Мелкий педантизм отца однажды испортил нам с Эди весь рождественский праздник. Получилось это так: увлекшись драматургией, я изъявил желание, чтобы мне подарили кукольный театр с декорацией «Волшебного стрелка».[59]
Еще задолго до рождества я придумал, как чудесно оформлю Волчье ущелье: луна будет светить как настоящая — я сделаю ее из прозрачной бумаги, а позади поставлю свечку; магнием для молний я уже запасся. Эди пожелал к рождеству оловянные фигурки персонажей «Робинзона Крузо».Уже во время декламации стишков я разглядел выступавший просцениум кукольного театра, мое сердце радостно забилось. Едва со стихами было покончено, я кинулся к «моему театру». Да, именно такого мне хотелось, именно с этой декорацией к Волчьему ущелью. Обомлев от восторга, я не сводил с нее глаз, она превзошла все мои ожидания!
Но тут за моей спиной раздался голос отца:
— Нет, Ганс, это не твой стол. Это стол Эди! Тебе — робинзоны. — И, увидев мое огорченное лицо, пояснил: — Видишь ли, Ганс, на прошлое рождество тебе досталось больше, чем Эди. Кукольный театр намного дороже оловянных фигурок, стало быть, его получит Эди…
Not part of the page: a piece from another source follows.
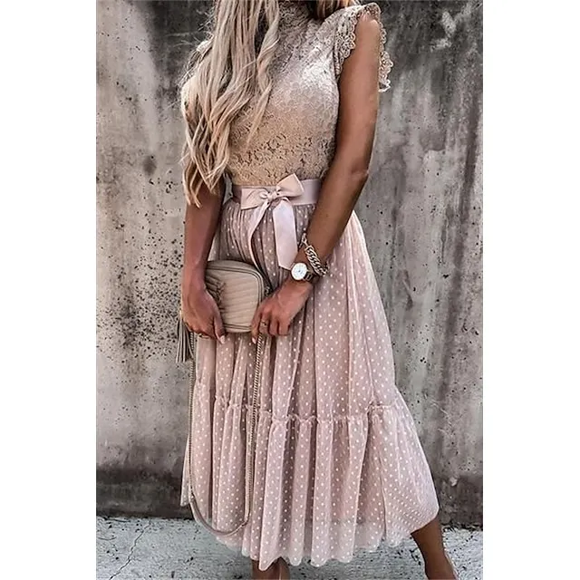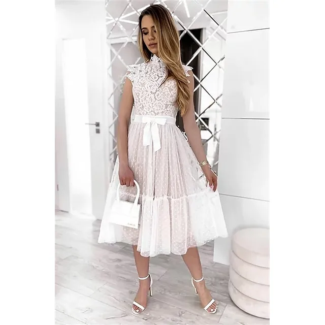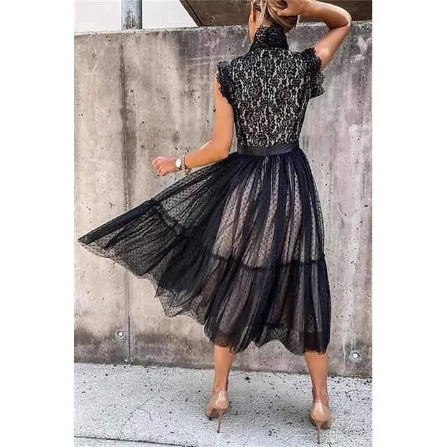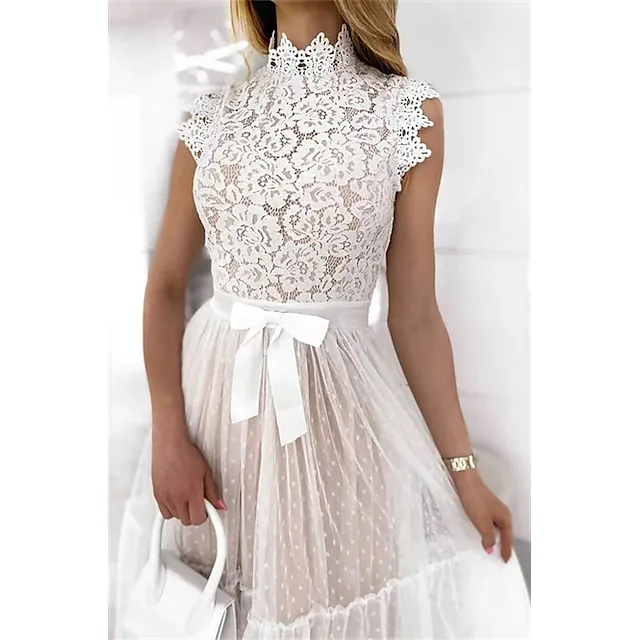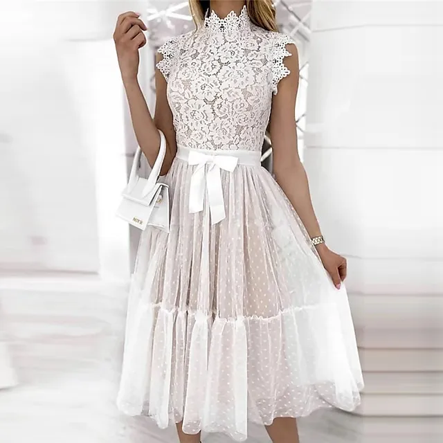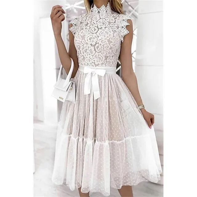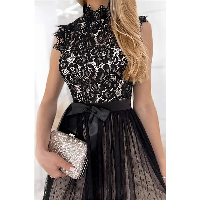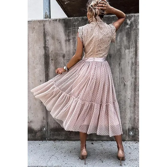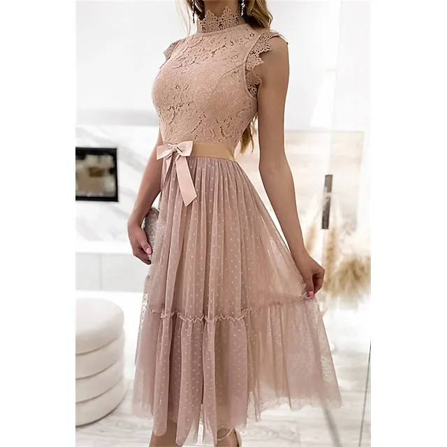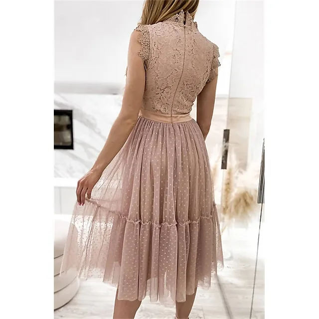 Women’s Party Dress Lace Dress Homecoming Dress Midi Dress Black White Pink Sleeveless Pure Color Patchwork Summer Spring Fall Stand Collar Fashion Party Birthday Wedding Guest 2023 S M L XL XXL

И он увел меня от Волчьего ущелья к дурацкому Робинзону.
Как я уже сказал, праздник был полностью испорчен! Мы с братом не могли скрыть своего разочарования, да и не хотели, и вообще не притрагивались к подаркам. Тем усерднее я косился на столик Эди, а он на мой. Наш добрейший отец, заметив это, рассердился и начал нас бранить, сперва умеренно, а потом покрепче. Но никакие бранные слова не смогли поднять нашего настроения. Наконец нам просто скомандовали: перестать дуться и играть тем, что подарили. Мы выполнили приказ с таким вызывающим безразличием, что отец, пылая гневом, отправил нас спать. Порой он тоже терял терпение — а теперь и ему был испорчен праздник!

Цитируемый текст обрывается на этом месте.